* **WHAT IS NEEDED**: Would you transcribe only the lines from the one holding "縁起物 商売繁盛 初出し" through the end of the material, exactly, without any pictures?

* **SOURCE MATERIAL**:
Content starts

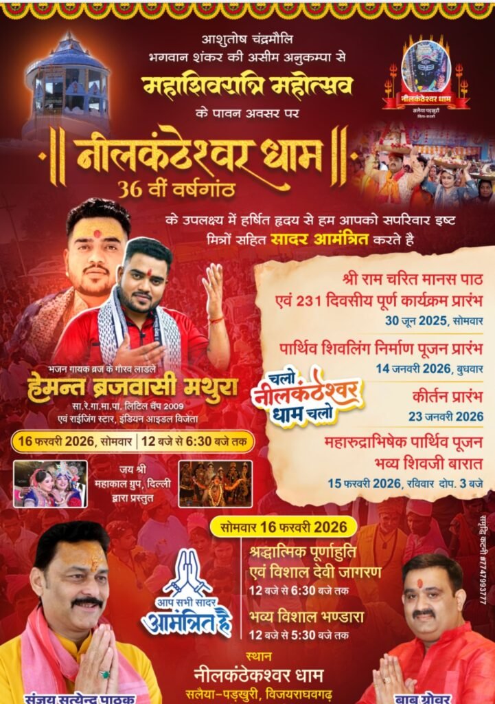 उनके लिए यह आयोजन केवल जिम्मेदारी नहीं यह पिता की साधना को जीवित रखने का संकल्प है।दिन-रात की सेवा श्रद्धालुओं की सुविधा संतों का सम्मान और हर आगंतुक के चेहरे पर संतोष यही उनकी साधना है।भक्तो का कहना हैं ग्रोवर परिवार ने मंदिर नहीं बनाया उन्होंने आस्था को आकार दिया है।इस पवित्र आयोजन को गरिमा और दिशा देने में अहम भूमिका निभा रहे हैं विजयराघवगढ़ विधायक संजय सत्येंद्र पाठक जिनका नाता इस धाम से केवल औपचारिक नहीं बल्कि आस्था और आत्मिक जुड़ाव का है।क्षेत्र के धार्मिक स्थलों के संरक्षण संस्कृति के संवर्धन और परंपरा के सम्मान के प्रति उनकी प्रतिबद्धता सर्वविदित है। श्रद्धालुओं का कहना है जब जनसेवक भी शिवभक्त हो तब आयोजन केवल कार्यक्रम नहीं पर्व बन जाता है। उनके मार्गदर्शन में निलकंठेश्वर धाम का यह आयोजन हर वर्ष और अधिक दिव्य और अधिक भव्य बनता जा रहा है *महाशिवरात्रि की रात्रिजब धरती पर उतरेगा कैलाश* महाशिवरात्रि के अवसर पर दो दिवसीय भव्य आयोजन में अखंड पाठ की पूर्णाहुति रुद्राभिषेक शिव महिमा गान भव्य झांकियां शिव बारात विशाल भंडारा आस्था के अनुपम दृश्य रचेंगे।इस बार भक्तिरस को और गहन बनाएंगे प्रसिद्ध भजन गायक हेमंत ब्रजवासी (मथुरा) जिनकी आवाज़ में जब शिव भजन गूंजेंगे तो आंखें नम और हृदय शिवमय हो उठेंगे। जहाँ एक ही परिसर में मिलते हैं 12 ज्योतिर्लिंगों के दर्शन निलकंठेश्वर धाम की विशेषता यह है कि यहां
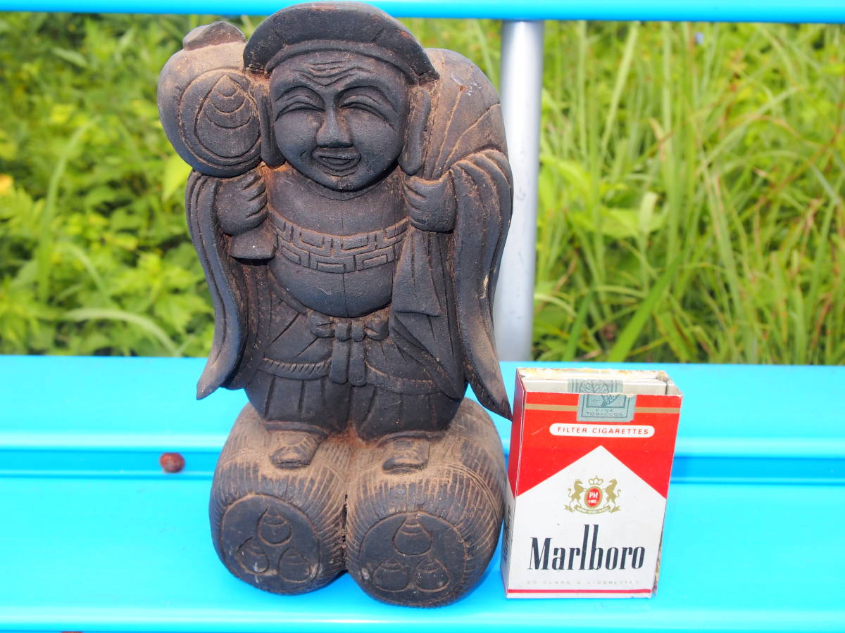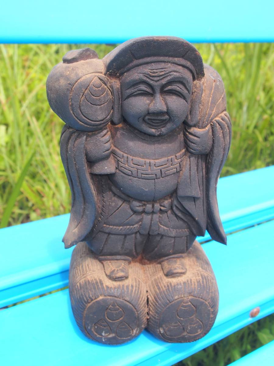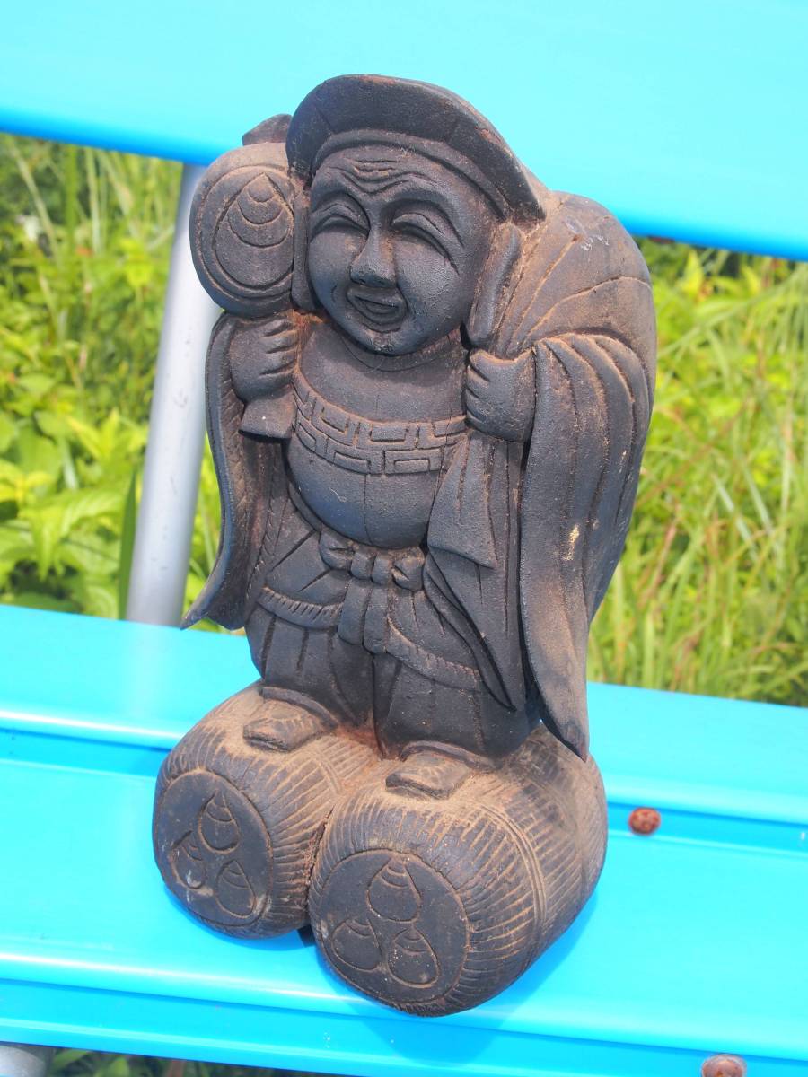 【天】山奥の旧家より 古い木彫りの大黒様 チョット大きめ21㎝   俵に宝珠 縁起物 商売繁盛 初出し
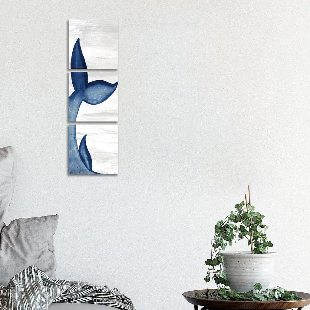 Icanvas "Whale Tails I" By Ann Bailey 3-Piece Canvas Wall Art Set - 48x16x1.5
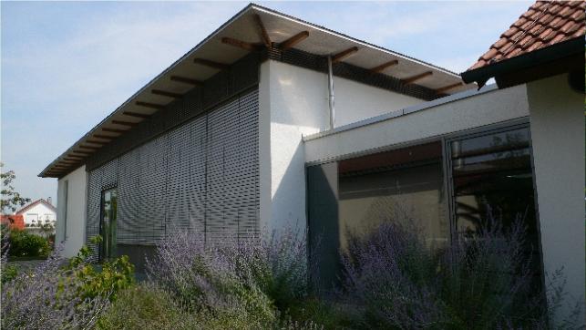der Ostseite laufendes Oberlichtband mit integrierten Lamellenfenstern zur Lüftung und eine großzügige Glasfassade als

Content ends

* **TASK ANSWER**:
 【天】山奥の旧家より 古い木彫りの大黒様 チョット大きめ21㎝   俵に宝珠 縁起物 商売繁盛 初出し
 Icanvas "Whale Tails I" By Ann Bailey 3-Piece Canvas Wall Art Set - 48x16x1.5
der Ostseite laufendes Oberlichtband mit integrierten Lamellenfenstern zur Lüftung und eine großzügige Glasfassade als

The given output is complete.